+++ INPUT MATERIAL +++

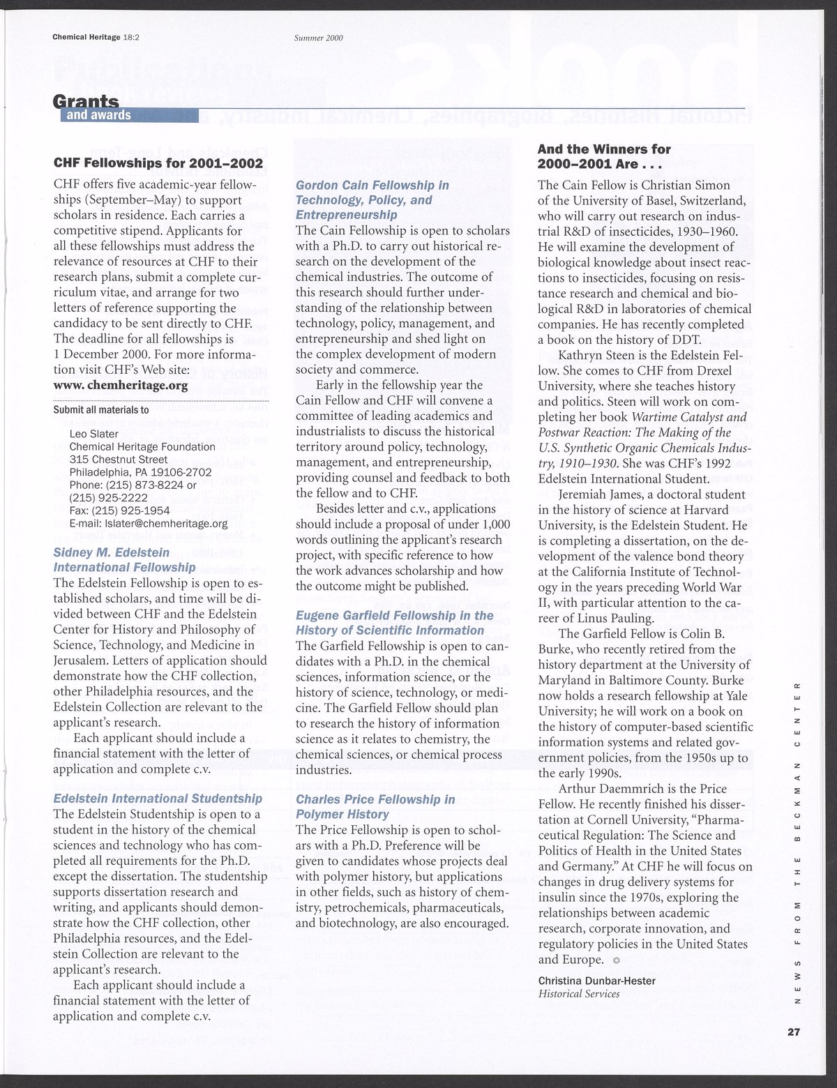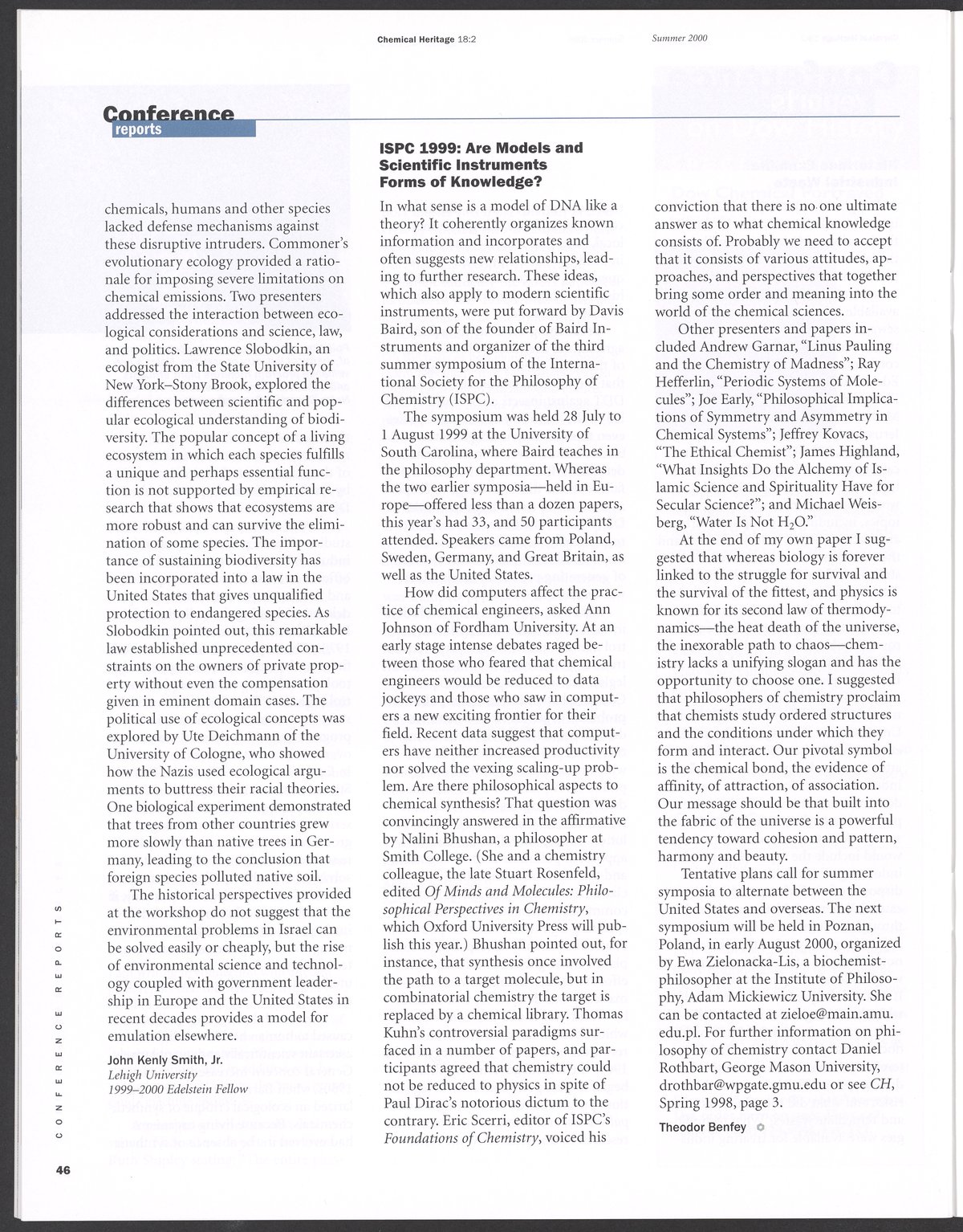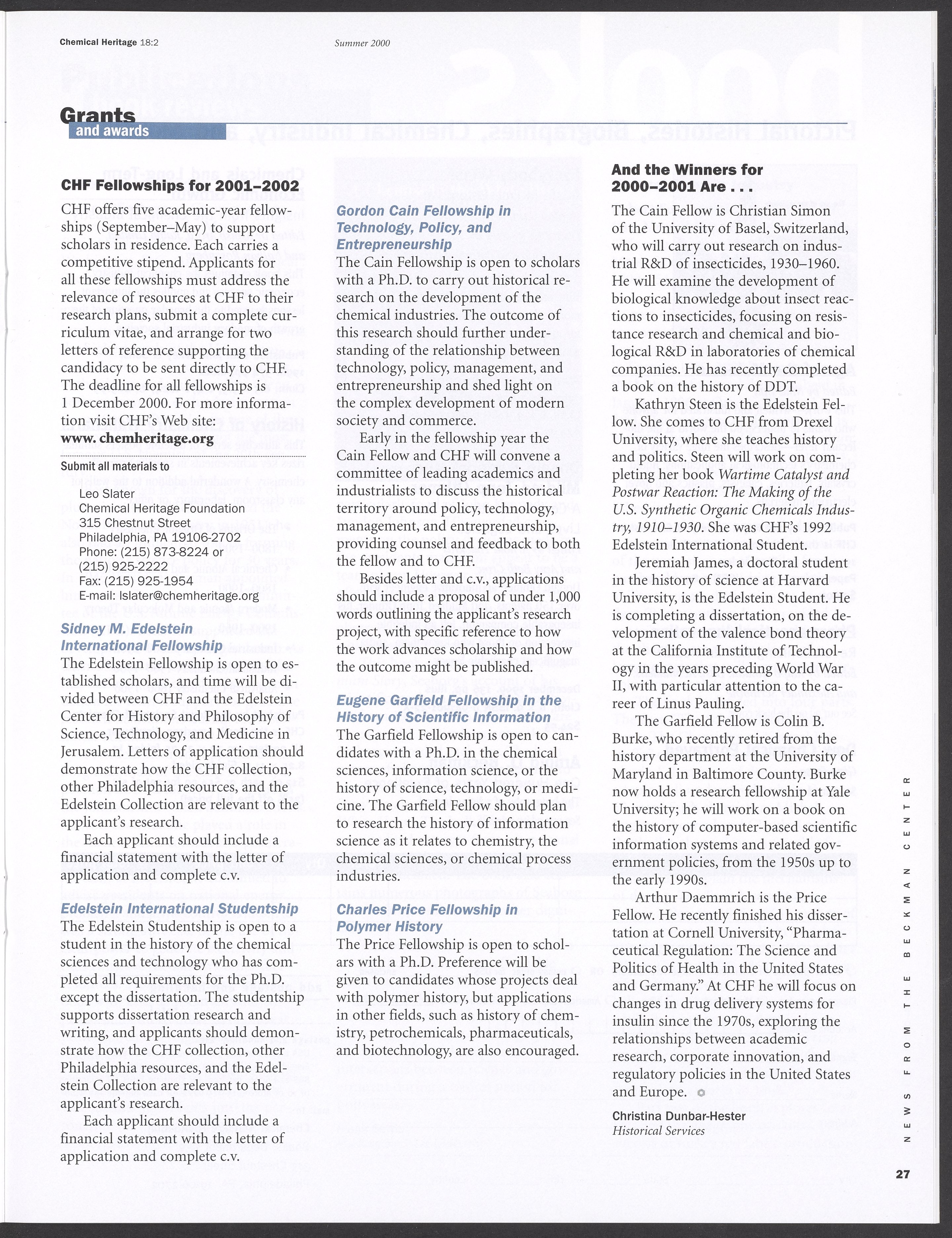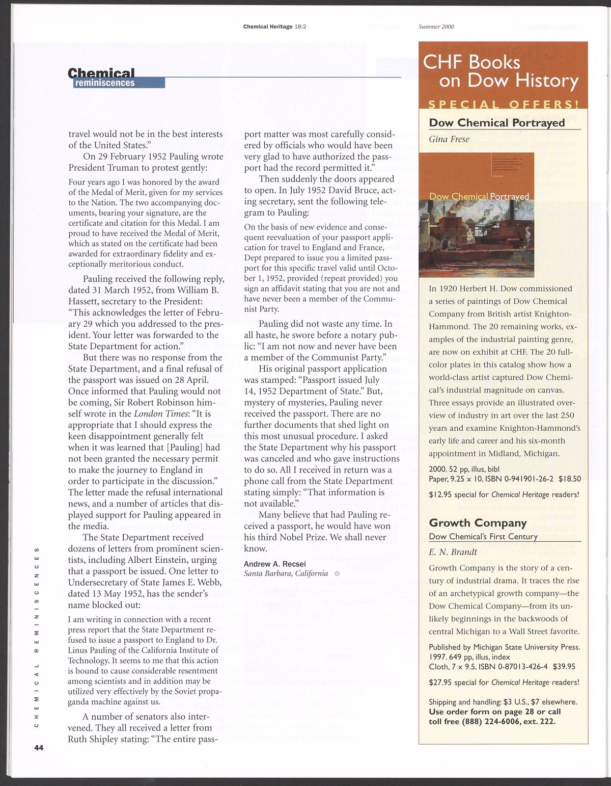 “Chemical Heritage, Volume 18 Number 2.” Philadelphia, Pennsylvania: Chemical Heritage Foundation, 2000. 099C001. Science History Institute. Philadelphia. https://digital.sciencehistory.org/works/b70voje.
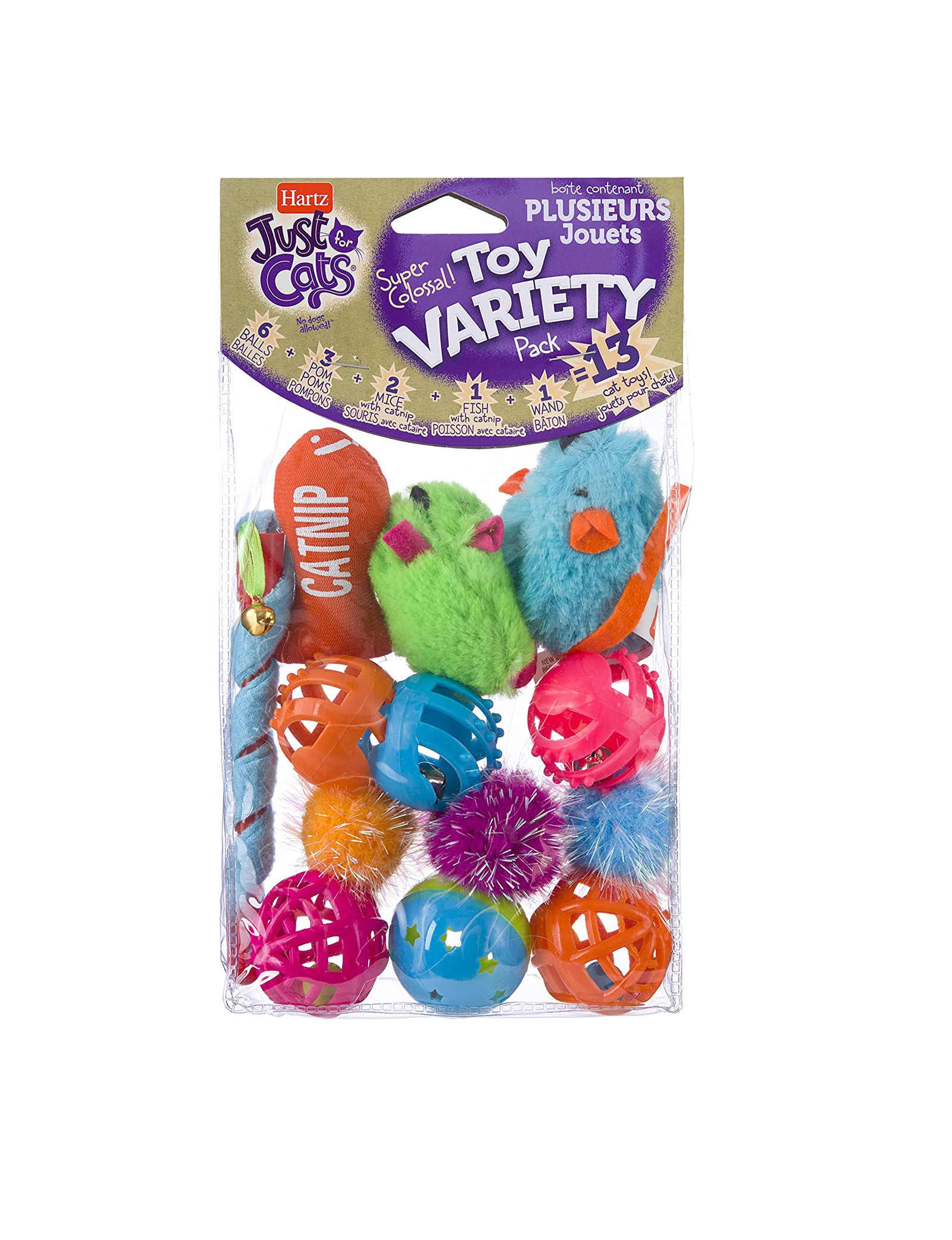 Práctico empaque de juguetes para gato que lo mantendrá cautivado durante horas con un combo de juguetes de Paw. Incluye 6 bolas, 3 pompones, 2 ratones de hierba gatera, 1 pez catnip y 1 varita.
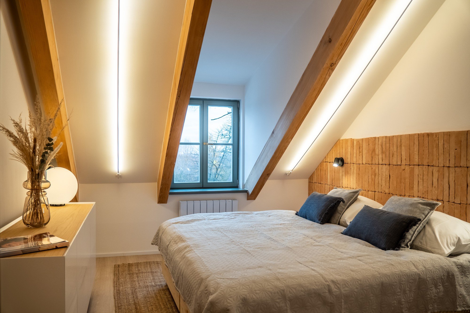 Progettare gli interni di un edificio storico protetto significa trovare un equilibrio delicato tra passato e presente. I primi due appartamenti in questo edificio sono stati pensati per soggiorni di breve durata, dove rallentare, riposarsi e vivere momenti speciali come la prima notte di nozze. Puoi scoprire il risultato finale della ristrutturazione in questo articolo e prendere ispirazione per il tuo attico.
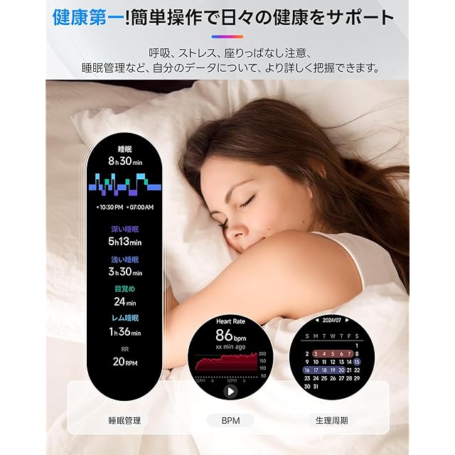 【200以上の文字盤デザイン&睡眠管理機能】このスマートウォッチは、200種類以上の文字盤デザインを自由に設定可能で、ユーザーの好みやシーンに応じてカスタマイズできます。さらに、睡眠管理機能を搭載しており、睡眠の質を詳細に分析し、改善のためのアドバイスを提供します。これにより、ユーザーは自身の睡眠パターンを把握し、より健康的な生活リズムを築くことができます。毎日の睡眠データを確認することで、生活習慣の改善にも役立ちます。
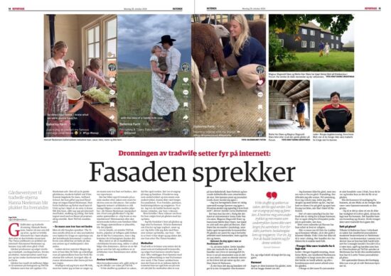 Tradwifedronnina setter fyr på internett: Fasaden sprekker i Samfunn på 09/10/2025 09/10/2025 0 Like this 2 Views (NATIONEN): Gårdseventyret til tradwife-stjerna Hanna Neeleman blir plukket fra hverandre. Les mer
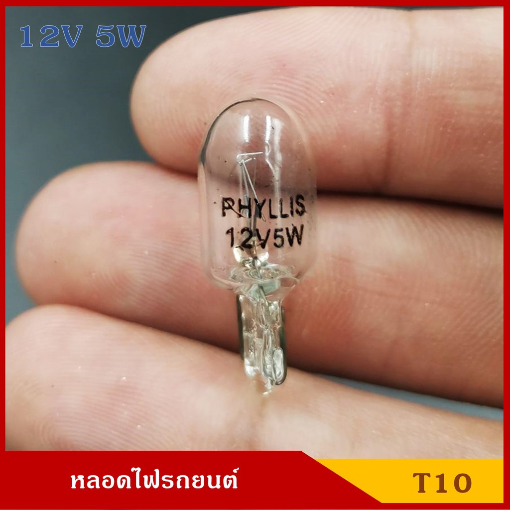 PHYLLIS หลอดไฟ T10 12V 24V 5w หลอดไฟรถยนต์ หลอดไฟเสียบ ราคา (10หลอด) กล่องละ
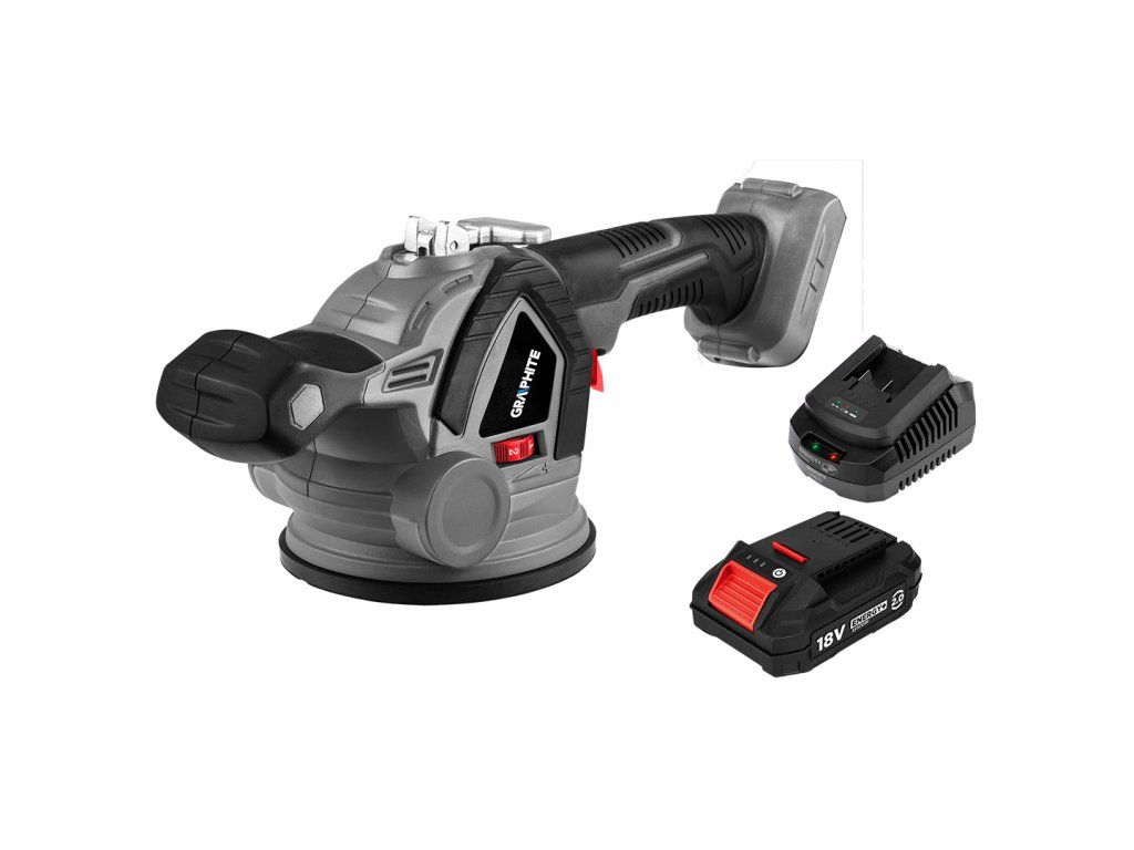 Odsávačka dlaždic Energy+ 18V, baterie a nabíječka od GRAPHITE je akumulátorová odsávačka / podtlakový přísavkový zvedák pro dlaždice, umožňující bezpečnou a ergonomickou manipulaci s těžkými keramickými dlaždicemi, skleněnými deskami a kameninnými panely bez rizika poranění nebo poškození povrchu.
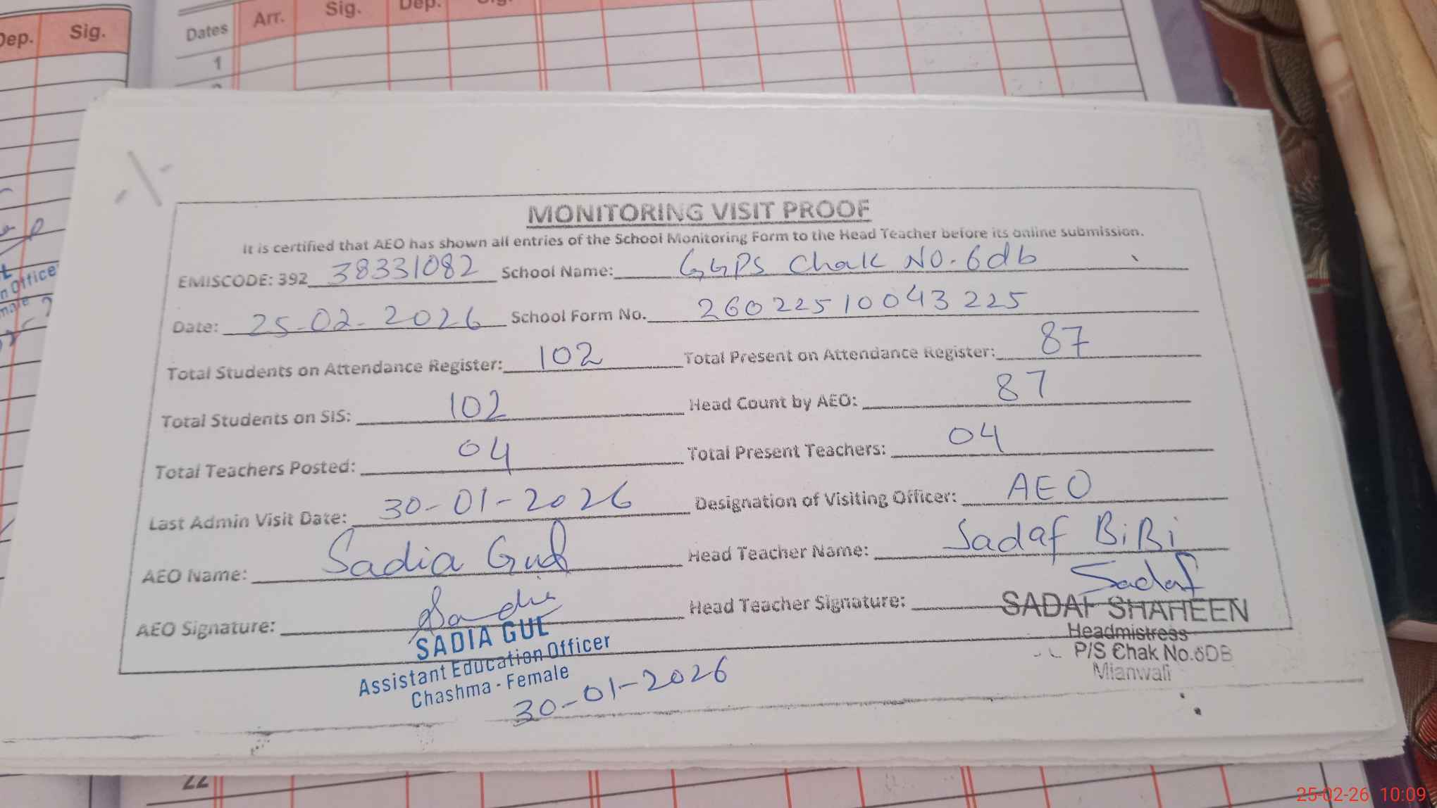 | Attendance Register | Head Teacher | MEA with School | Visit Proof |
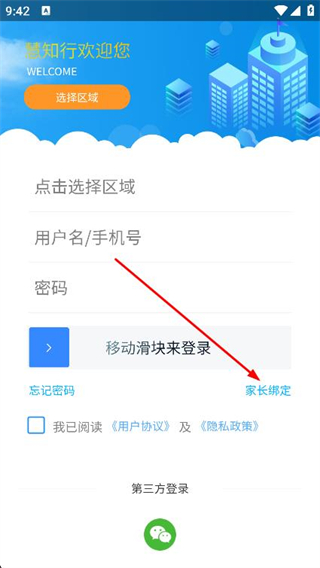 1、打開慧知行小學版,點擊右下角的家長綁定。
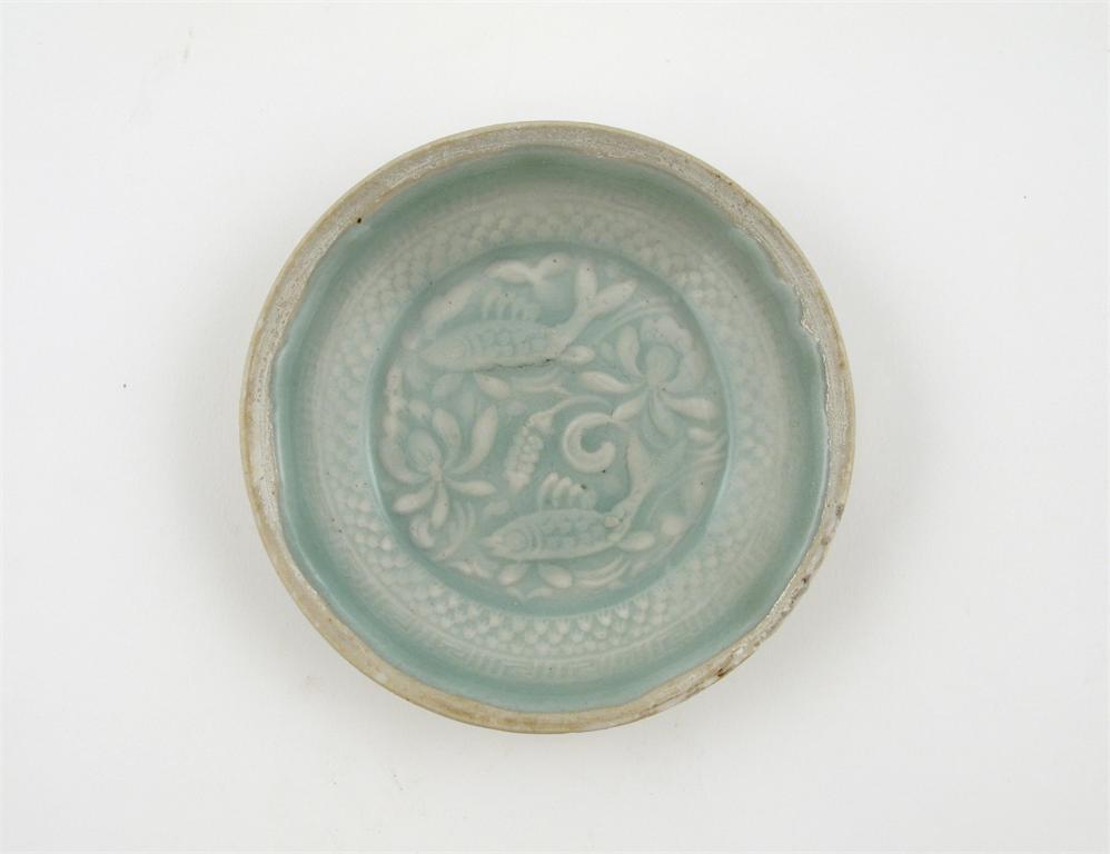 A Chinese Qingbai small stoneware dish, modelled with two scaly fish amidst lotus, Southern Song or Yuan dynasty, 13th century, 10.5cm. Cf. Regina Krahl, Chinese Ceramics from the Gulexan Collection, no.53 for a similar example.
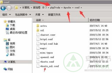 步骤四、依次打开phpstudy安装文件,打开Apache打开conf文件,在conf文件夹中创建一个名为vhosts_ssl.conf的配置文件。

+++

PROBLEM DETAILS
Only the lines from the one containing "Visit Proof |" through the end of the records above should be retyped, exactly as they stand, with any pictures left out.

OUTPUT BELOW
 | Attendance Register | Head Teacher | MEA with School | Visit Proof |
 1、打開慧知行小學版,點擊右下角的家長綁定。
 A Chinese Qingbai small stoneware dish, modelled with two scaly fish amidst lotus, Southern Song or Yuan dynasty, 13th century, 10.5cm. Cf. Regina Krahl, Chinese Ceramics from the Gulexan Collection, no.53 for a similar example.
 步骤四、依次打开phpstudy安装文件,打开Apache打开conf文件,在conf文件夹中创建一个名为vhosts_ssl.conf的配置文件。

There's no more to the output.